— EXERCISE —
Nothing but the lines below from the one that contains "その導入として、10月21日" through the one that contains "我國的長城與山自古相依相連,有的借山勢呈" should be retyped, exactly and including both ends. Do not include pictures.

───

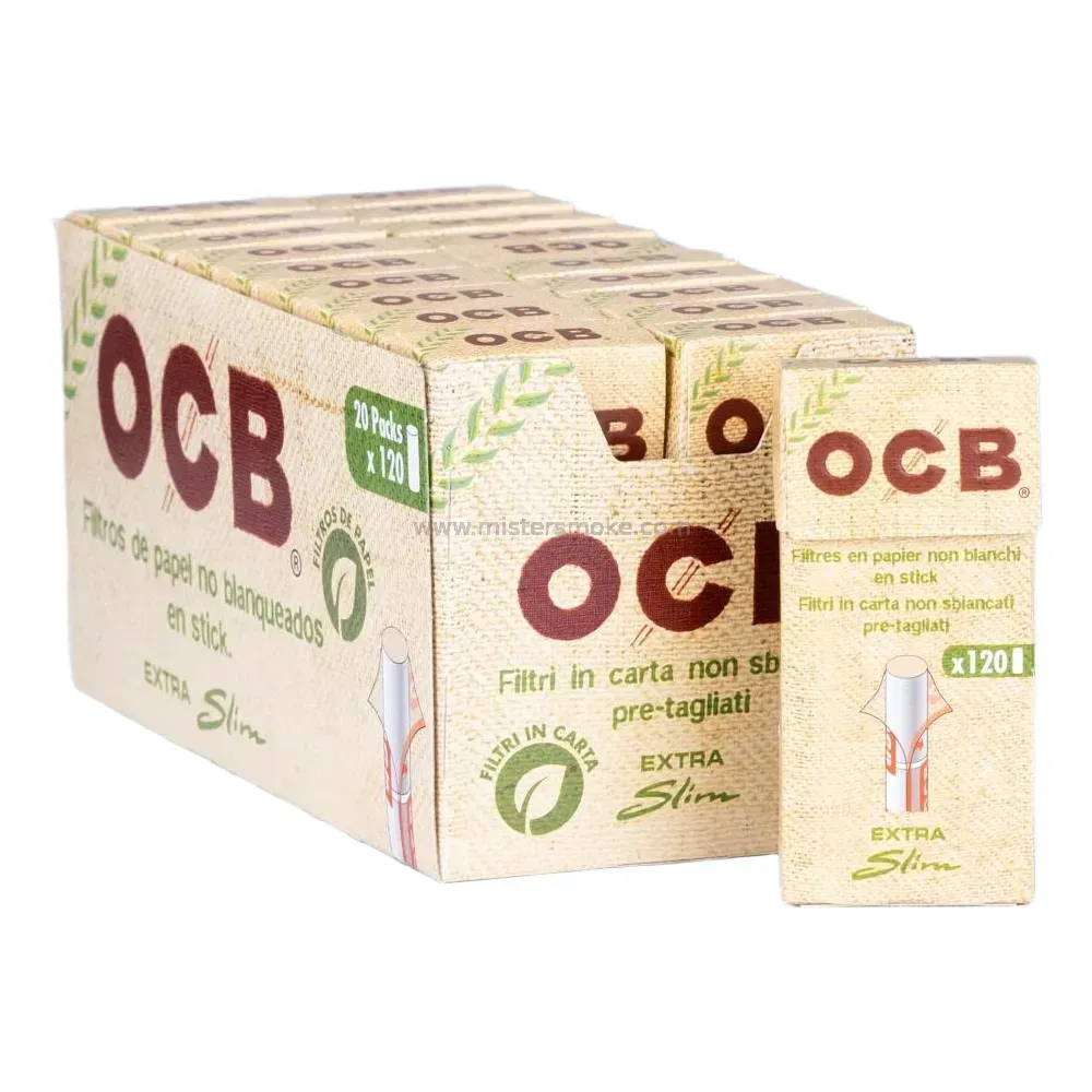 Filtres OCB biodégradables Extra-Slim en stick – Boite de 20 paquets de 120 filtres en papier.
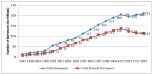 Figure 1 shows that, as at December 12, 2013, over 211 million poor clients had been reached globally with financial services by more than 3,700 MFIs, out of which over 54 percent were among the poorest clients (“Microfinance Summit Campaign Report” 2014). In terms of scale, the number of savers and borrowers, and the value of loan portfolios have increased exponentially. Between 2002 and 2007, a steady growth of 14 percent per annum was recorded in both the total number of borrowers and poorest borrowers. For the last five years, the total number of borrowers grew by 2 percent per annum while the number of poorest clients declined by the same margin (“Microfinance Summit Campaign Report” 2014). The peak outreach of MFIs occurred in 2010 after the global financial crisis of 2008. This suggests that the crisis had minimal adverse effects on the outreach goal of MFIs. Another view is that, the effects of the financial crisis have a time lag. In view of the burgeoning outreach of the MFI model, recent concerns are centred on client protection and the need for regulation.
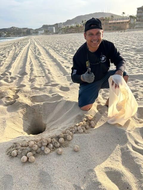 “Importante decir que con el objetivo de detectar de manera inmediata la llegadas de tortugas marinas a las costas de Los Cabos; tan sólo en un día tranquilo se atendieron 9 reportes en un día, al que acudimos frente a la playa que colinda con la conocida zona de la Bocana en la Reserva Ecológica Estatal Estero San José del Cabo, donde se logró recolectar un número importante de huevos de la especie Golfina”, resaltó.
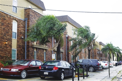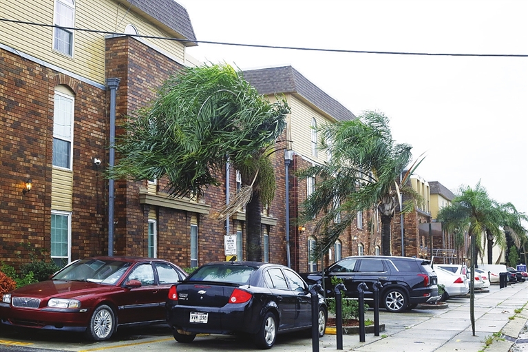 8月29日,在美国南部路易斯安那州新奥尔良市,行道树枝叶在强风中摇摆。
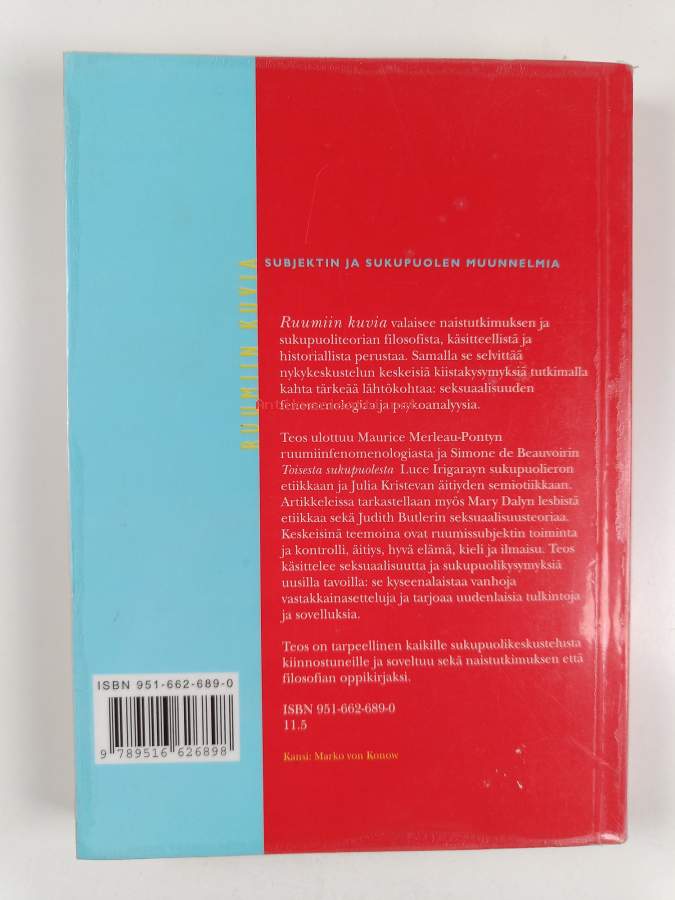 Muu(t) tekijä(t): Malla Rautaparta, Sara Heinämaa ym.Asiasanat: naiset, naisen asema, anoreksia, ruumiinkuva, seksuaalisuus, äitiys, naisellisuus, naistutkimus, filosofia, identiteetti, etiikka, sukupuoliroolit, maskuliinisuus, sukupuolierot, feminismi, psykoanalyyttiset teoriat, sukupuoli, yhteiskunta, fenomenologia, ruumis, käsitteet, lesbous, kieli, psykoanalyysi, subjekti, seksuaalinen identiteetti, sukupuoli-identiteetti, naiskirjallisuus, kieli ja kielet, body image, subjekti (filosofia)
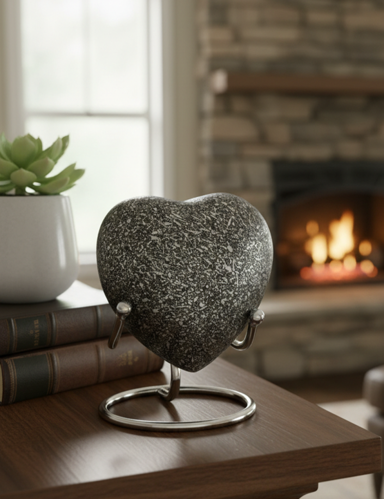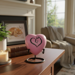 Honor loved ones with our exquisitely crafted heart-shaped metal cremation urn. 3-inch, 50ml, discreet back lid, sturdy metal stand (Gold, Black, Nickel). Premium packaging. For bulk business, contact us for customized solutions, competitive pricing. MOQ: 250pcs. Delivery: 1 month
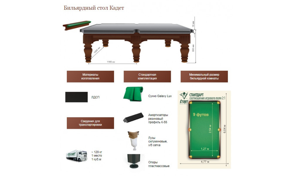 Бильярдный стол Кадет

───

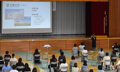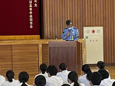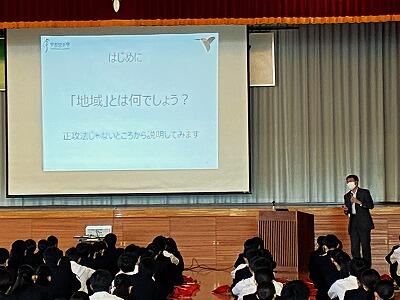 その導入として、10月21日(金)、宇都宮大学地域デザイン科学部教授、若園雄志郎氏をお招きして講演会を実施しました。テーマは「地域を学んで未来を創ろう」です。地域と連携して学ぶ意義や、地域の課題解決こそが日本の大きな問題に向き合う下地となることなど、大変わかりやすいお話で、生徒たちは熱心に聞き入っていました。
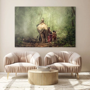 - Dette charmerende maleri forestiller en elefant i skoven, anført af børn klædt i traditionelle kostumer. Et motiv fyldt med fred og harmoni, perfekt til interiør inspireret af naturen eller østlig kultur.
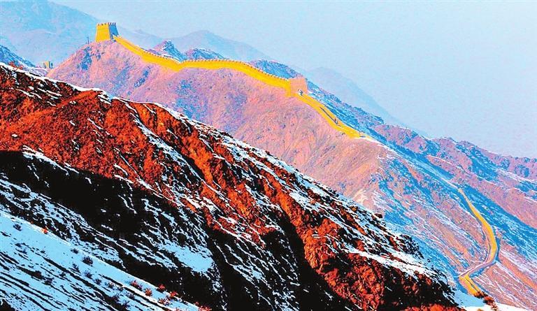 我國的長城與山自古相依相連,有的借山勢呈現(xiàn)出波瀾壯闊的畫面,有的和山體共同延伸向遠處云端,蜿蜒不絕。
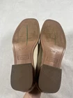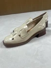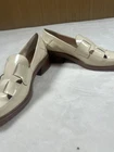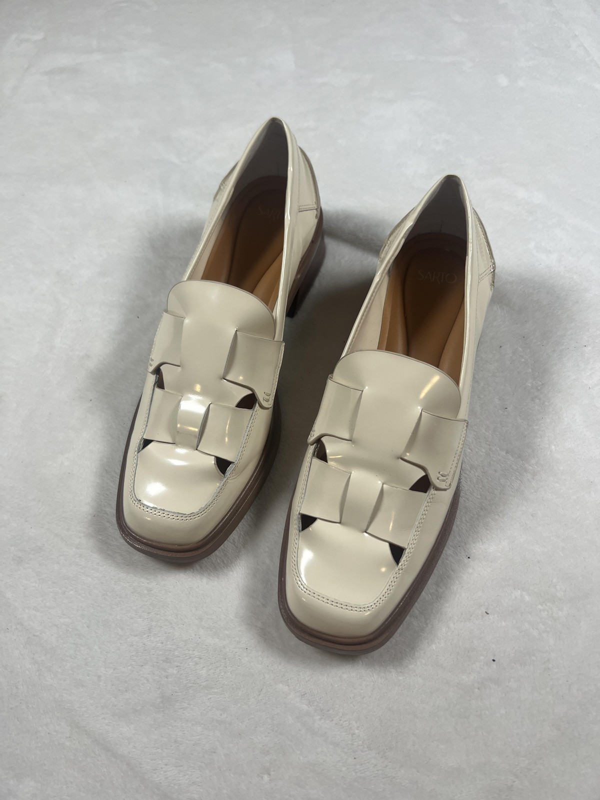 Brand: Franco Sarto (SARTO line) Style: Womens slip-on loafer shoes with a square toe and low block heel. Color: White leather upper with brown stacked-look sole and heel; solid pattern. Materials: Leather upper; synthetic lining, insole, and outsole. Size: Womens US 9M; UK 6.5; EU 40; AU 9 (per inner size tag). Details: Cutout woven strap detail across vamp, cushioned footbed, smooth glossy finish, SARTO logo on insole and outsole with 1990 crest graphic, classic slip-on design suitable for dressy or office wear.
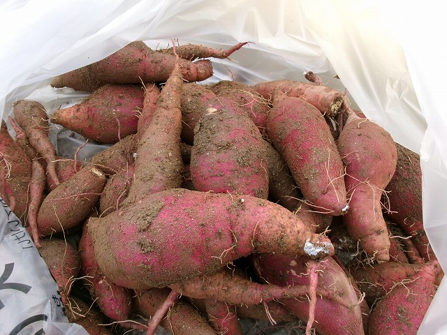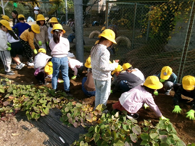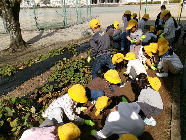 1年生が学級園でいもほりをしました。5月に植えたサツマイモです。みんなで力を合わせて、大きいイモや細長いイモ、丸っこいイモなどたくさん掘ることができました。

───

— SOLUTION —
 その導入として、10月21日(金)、宇都宮大学地域デザイン科学部教授、若園雄志郎氏をお招きして講演会を実施しました。テーマは「地域を学んで未来を創ろう」です。地域と連携して学ぶ意義や、地域の課題解決こそが日本の大きな問題に向き合う下地となることなど、大変わかりやすいお話で、生徒たちは熱心に聞き入っていました。
 - Dette charmerende maleri forestiller en elefant i skoven, anført af børn klædt i traditionelle kostumer. Et motiv fyldt med fred og harmoni, perfekt til interiør inspireret af naturen eller østlig kultur.
 我國的長城與山自古相依相連,有的借山勢呈現(xiàn)出波瀾壯闊的畫面,有的和山體共同延伸向遠處云端,蜿蜒不絕。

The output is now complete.